Apart from the images, reproduce all of the data word for word.

═══ Raw data ═══

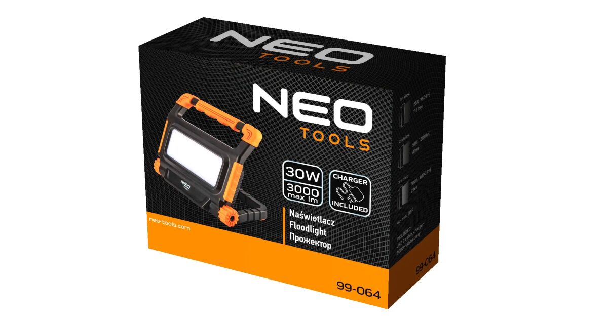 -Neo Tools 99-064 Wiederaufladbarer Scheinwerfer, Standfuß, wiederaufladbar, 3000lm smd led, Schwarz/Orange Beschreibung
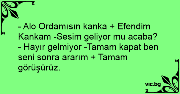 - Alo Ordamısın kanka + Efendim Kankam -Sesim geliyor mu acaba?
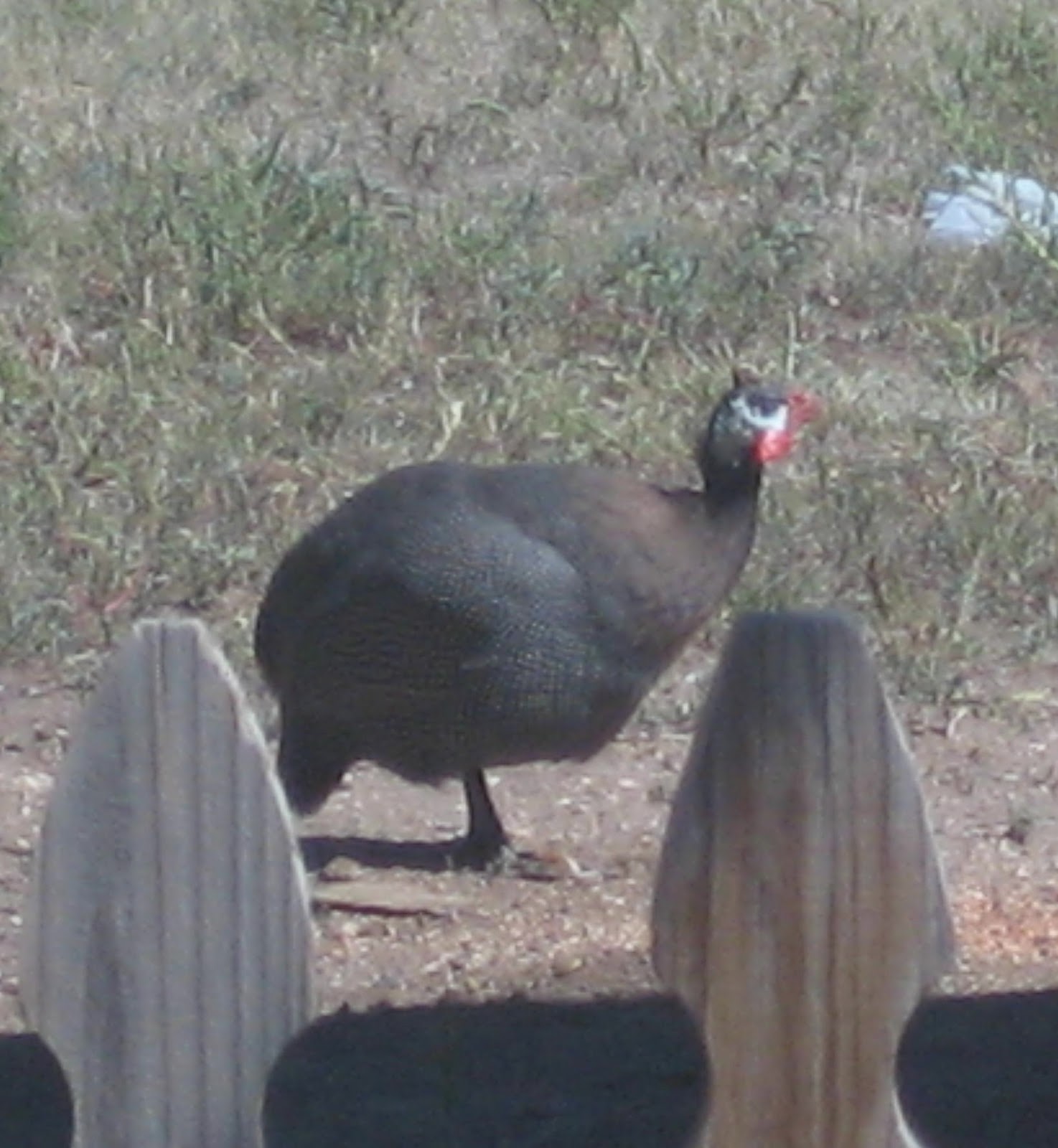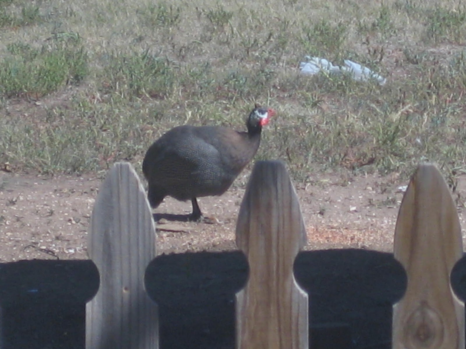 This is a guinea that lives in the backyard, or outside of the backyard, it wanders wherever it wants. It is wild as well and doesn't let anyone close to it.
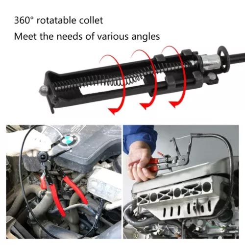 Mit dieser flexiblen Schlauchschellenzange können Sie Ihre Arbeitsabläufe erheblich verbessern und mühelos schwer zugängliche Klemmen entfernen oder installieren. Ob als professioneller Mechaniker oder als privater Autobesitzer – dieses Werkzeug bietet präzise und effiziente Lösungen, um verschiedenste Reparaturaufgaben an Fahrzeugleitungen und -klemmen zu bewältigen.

═══

- _Exercise response_
 -Neo Tools 99-064 Wiederaufladbarer Scheinwerfer, Standfuß, wiederaufladbar, 3000lm smd led, Schwarz/Orange Beschreibung
 - Alo Ordamısın kanka + Efendim Kankam -Sesim geliyor mu acaba?
 This is a guinea that lives in the backyard, or outside of the backyard, it wanders wherever it wants. It is wild as well and doesn't let anyone close to it.
 Mit dieser flexiblen Schlauchschellenzange können Sie Ihre Arbeitsabläufe erheblich verbessern und mühelos schwer zugängliche Klemmen entfernen oder installieren. Ob als professioneller Mechaniker oder als privater Autobesitzer – dieses Werkzeug bietet präzise und effiziente Lösungen, um verschiedenste Reparaturaufgaben an Fahrzeugleitungen und -klemmen zu bewältigen.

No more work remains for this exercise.